» The problem
Pictures must be left out. Print the lines from the beginning of the material through the line holding "考虑到疾病诊断过程可以自然地", exactly and nothing else.

◇ ◇ ◇ ◇

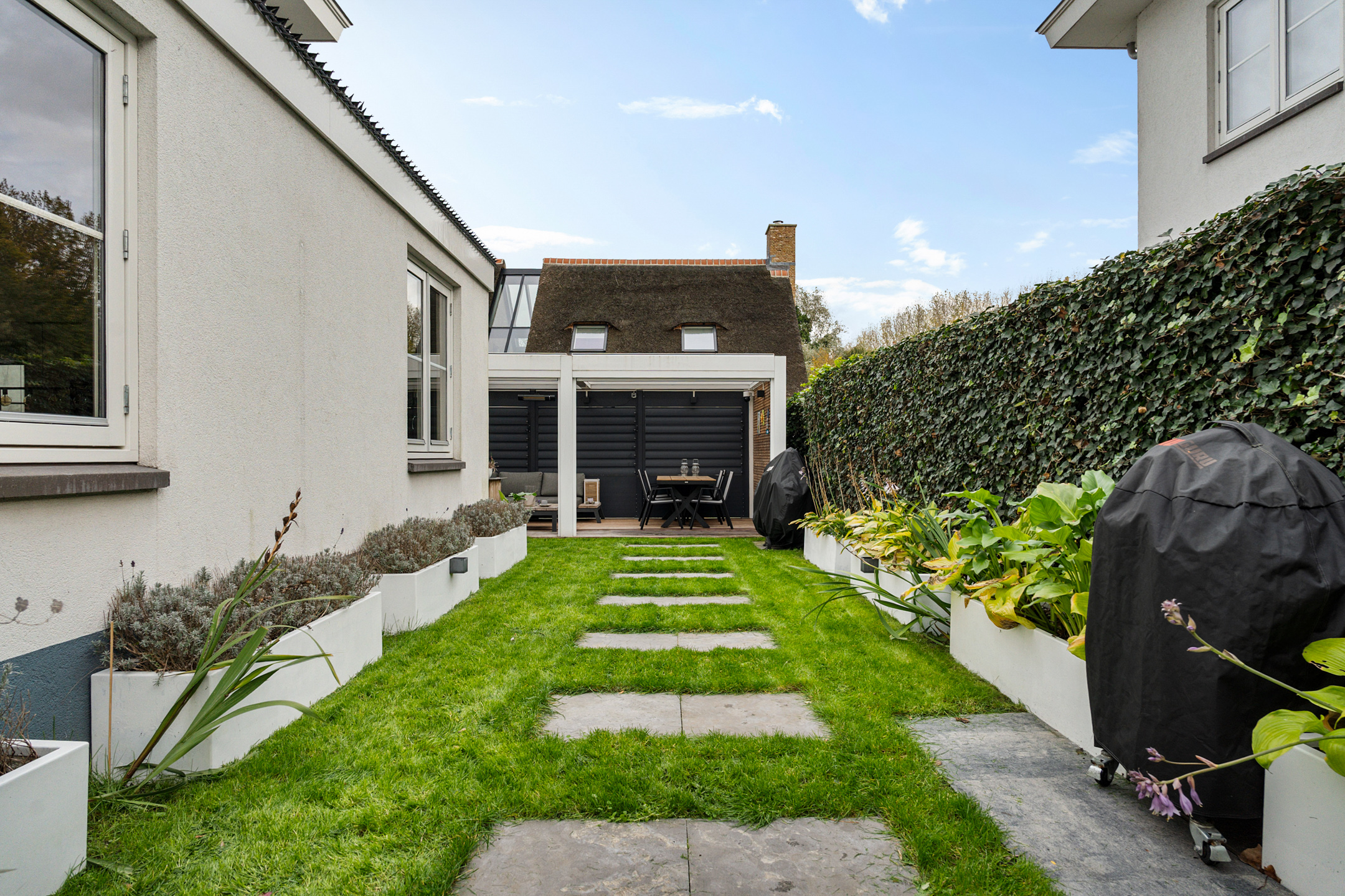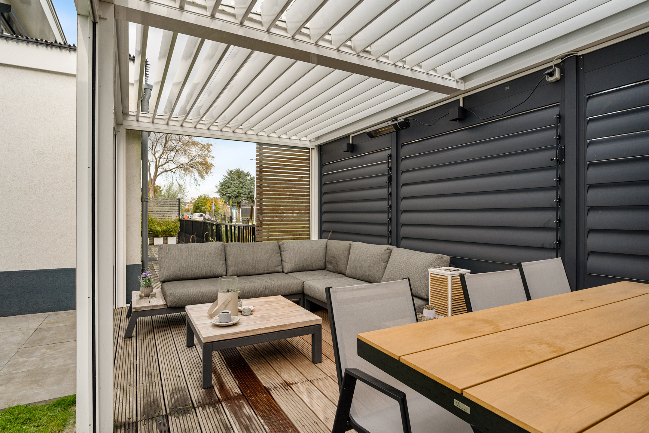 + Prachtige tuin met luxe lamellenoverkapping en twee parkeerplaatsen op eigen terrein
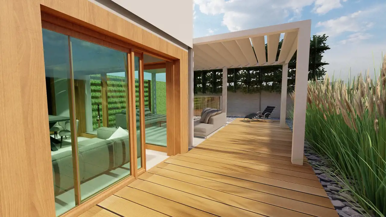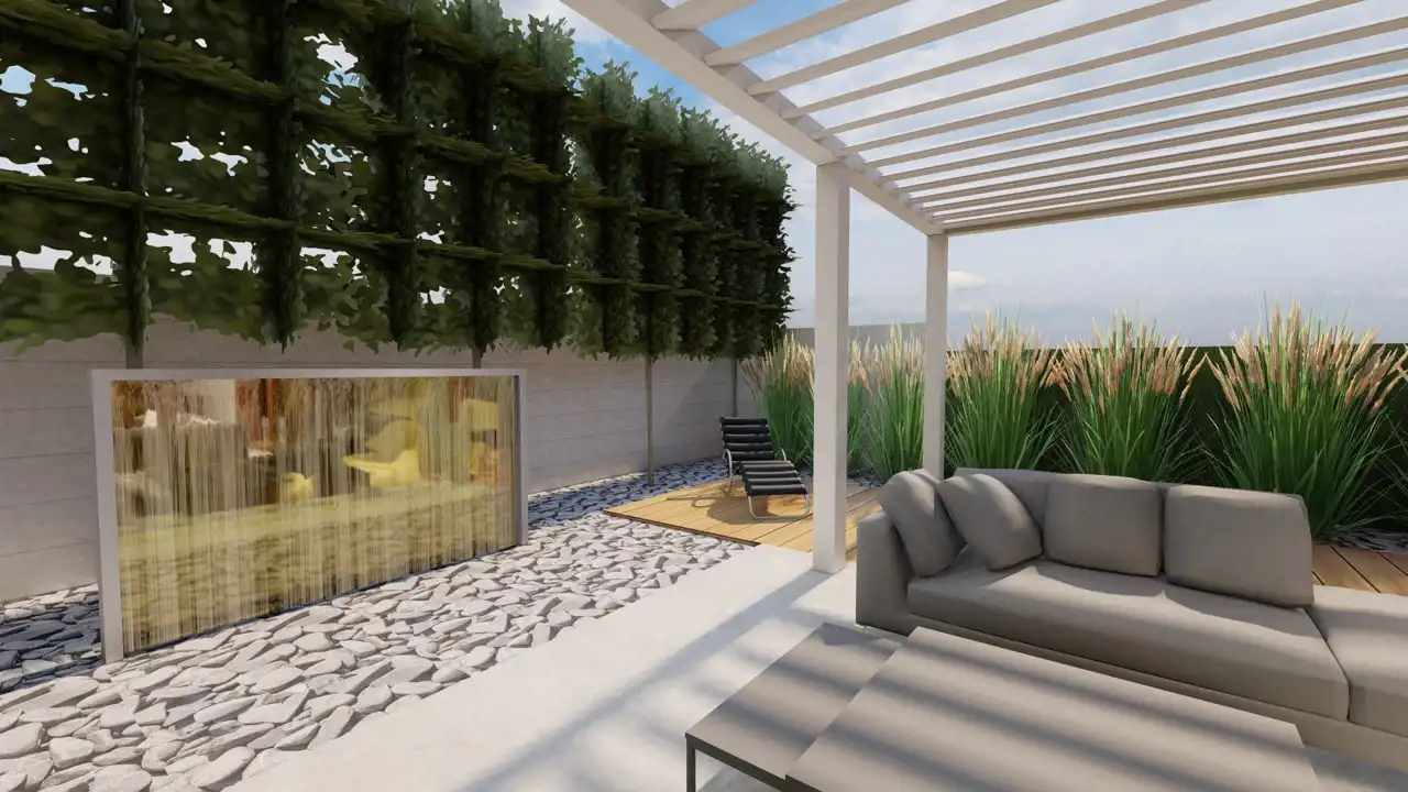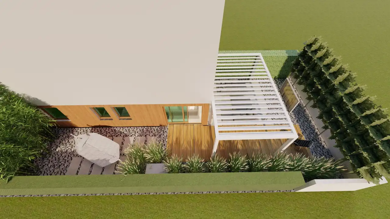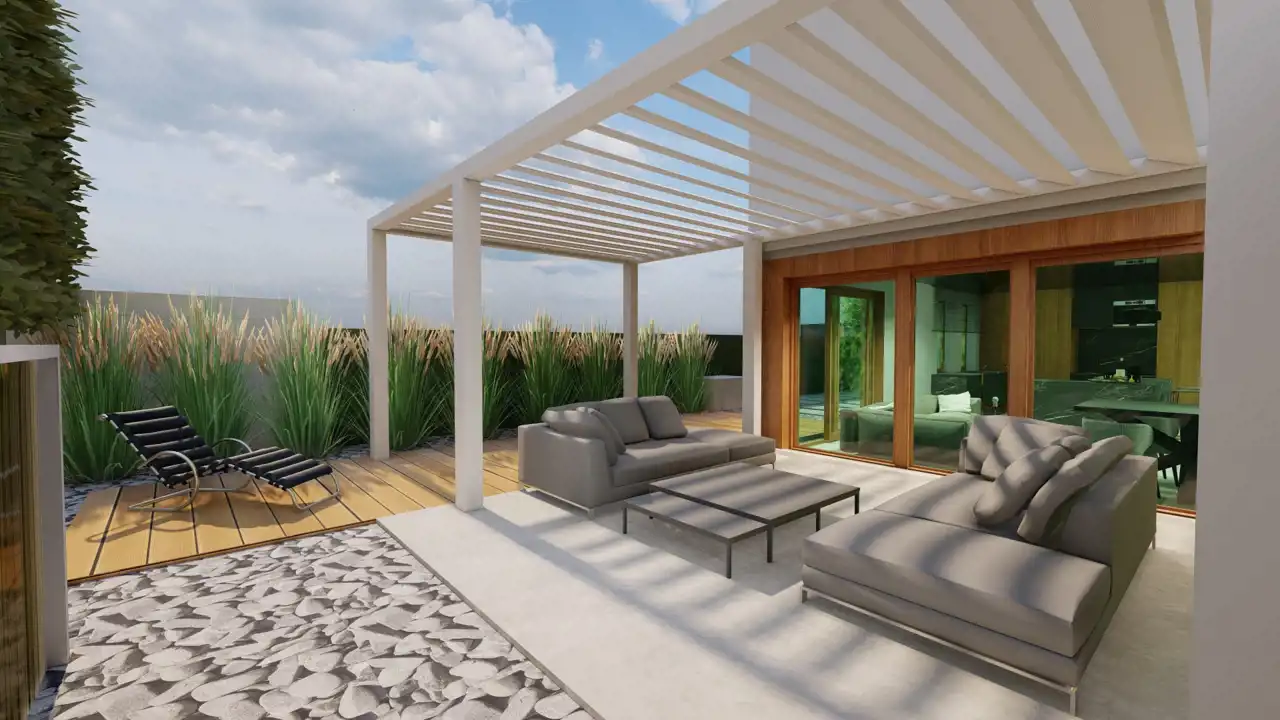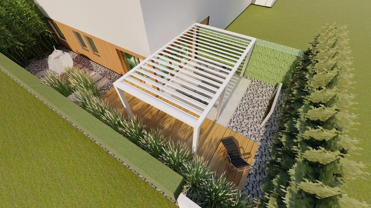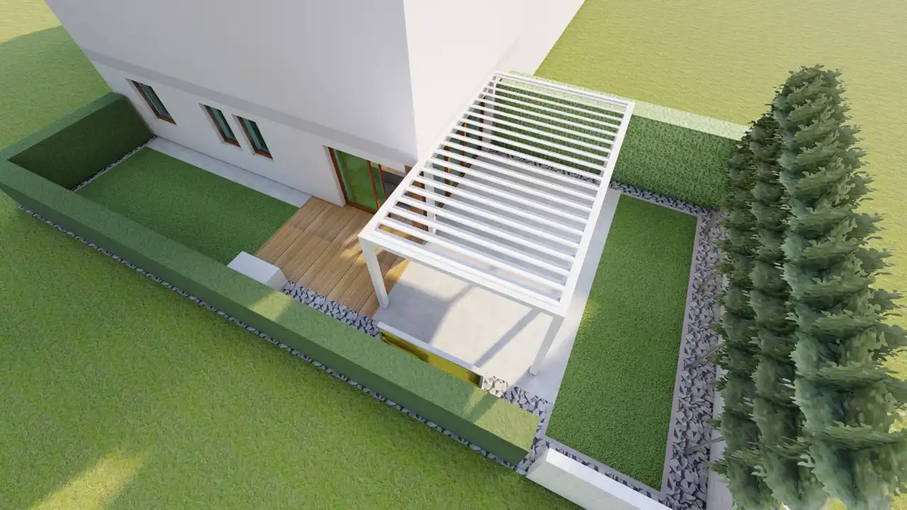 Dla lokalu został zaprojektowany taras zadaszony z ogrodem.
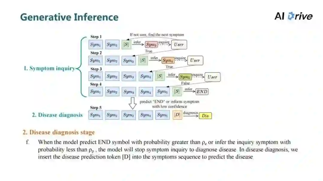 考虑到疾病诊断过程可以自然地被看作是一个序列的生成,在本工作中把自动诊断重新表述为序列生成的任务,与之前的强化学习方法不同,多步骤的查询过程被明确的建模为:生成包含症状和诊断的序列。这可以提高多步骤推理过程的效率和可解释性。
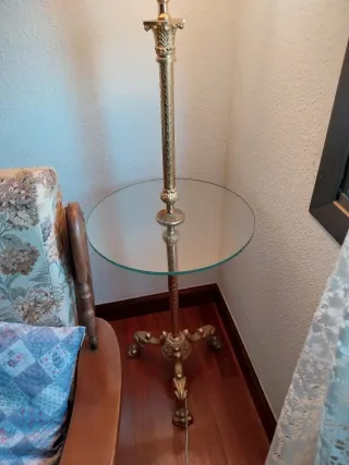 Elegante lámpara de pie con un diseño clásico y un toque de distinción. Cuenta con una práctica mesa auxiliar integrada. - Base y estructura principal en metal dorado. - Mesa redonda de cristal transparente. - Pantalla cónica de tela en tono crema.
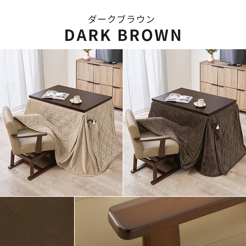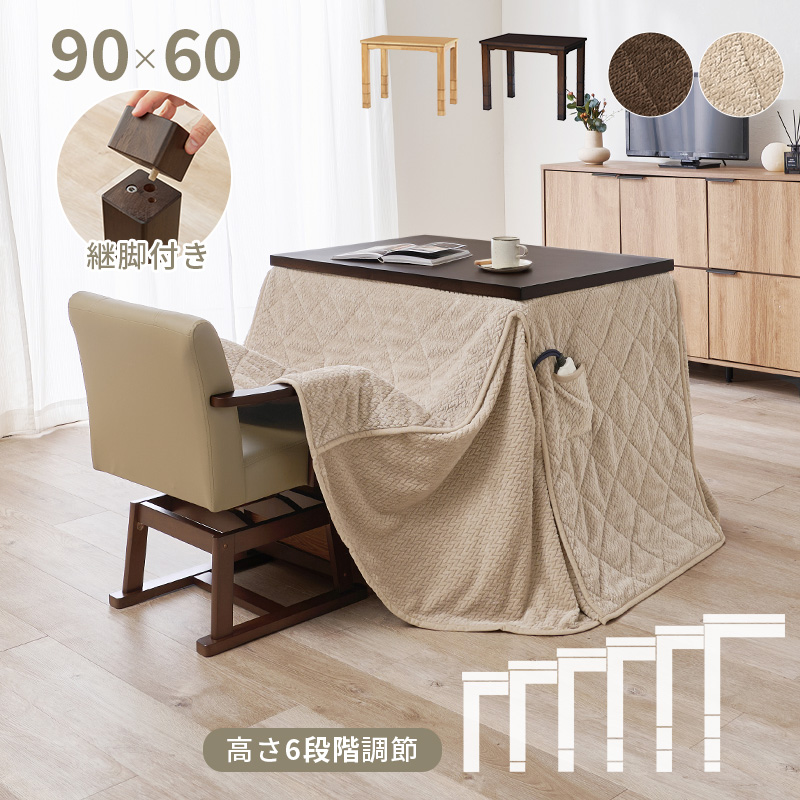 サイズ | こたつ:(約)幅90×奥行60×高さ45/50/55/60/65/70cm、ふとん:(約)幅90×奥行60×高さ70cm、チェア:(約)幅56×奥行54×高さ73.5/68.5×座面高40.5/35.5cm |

◇ ◇ ◇ ◇

» Worked solution
 + Prachtige tuin met luxe lamellenoverkapping en twee parkeerplaatsen op eigen terrein
 Dla lokalu został zaprojektowany taras zadaszony z ogrodem.
 考虑到疾病诊断过程可以自然地被看作是一个序列的生成,在本工作中把自动诊断重新表述为序列生成的任务,与之前的强化学习方法不同,多步骤的查询过程被明确的建模为:生成包含症状和诊断的序列。这可以提高多步骤推理过程的效率和可解释性。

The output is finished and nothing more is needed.